▶ _TRY IT_
From the first line to the last, give the material again exactly, without the images.

▶ _COLLECTED MATERIAL_

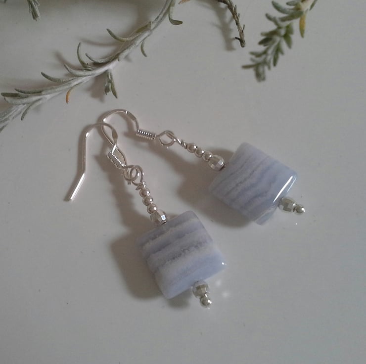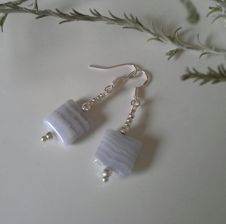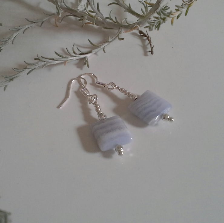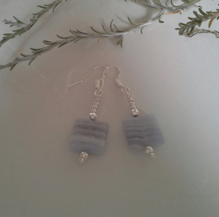 A beautiful dainty pair of earrings designed and hand crafted using 10mm by 10mm blue lace agate pillow cut square gemstones with a calculated 10.60ct weight. They are complimented with all 925 sterling silver components. True blue lace agate is much revered by avid gemstone jewellery collectors whom only wish and expect quality.
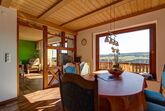 Der Außenbereich bietet einen atemberaubenden Ausblick auf den Garten und die umliegenden Wälder.
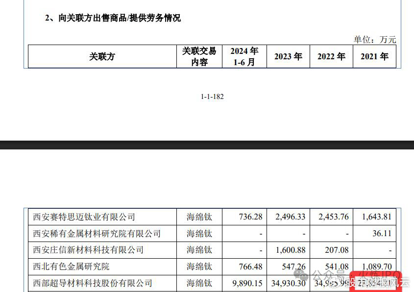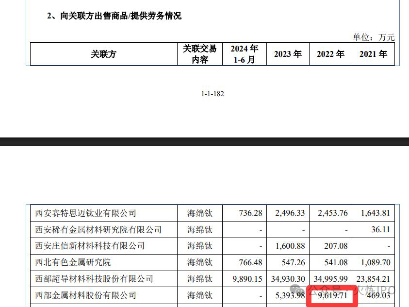 (二)据2024年12月31日挂网的招股书,报告期各期其向西部材料销售海绵钛的关联销售收入分别为469.03万元、9,619.71万元、5,393.98万元,0元。

▶ _REPLY TO THE TASK_
 A beautiful dainty pair of earrings designed and hand crafted using 10mm by 10mm blue lace agate pillow cut square gemstones with a calculated 10.60ct weight. They are complimented with all 925 sterling silver components. True blue lace agate is much revered by avid gemstone jewellery collectors whom only wish and expect quality.
 Der Außenbereich bietet einen atemberaubenden Ausblick auf den Garten und die umliegenden Wälder.
 (二)据2024年12月31日挂网的招股书,报告期各期其向西部材料销售海绵钛的关联销售收入分别为469.03万元、9,619.71万元、5,393.98万元,0元。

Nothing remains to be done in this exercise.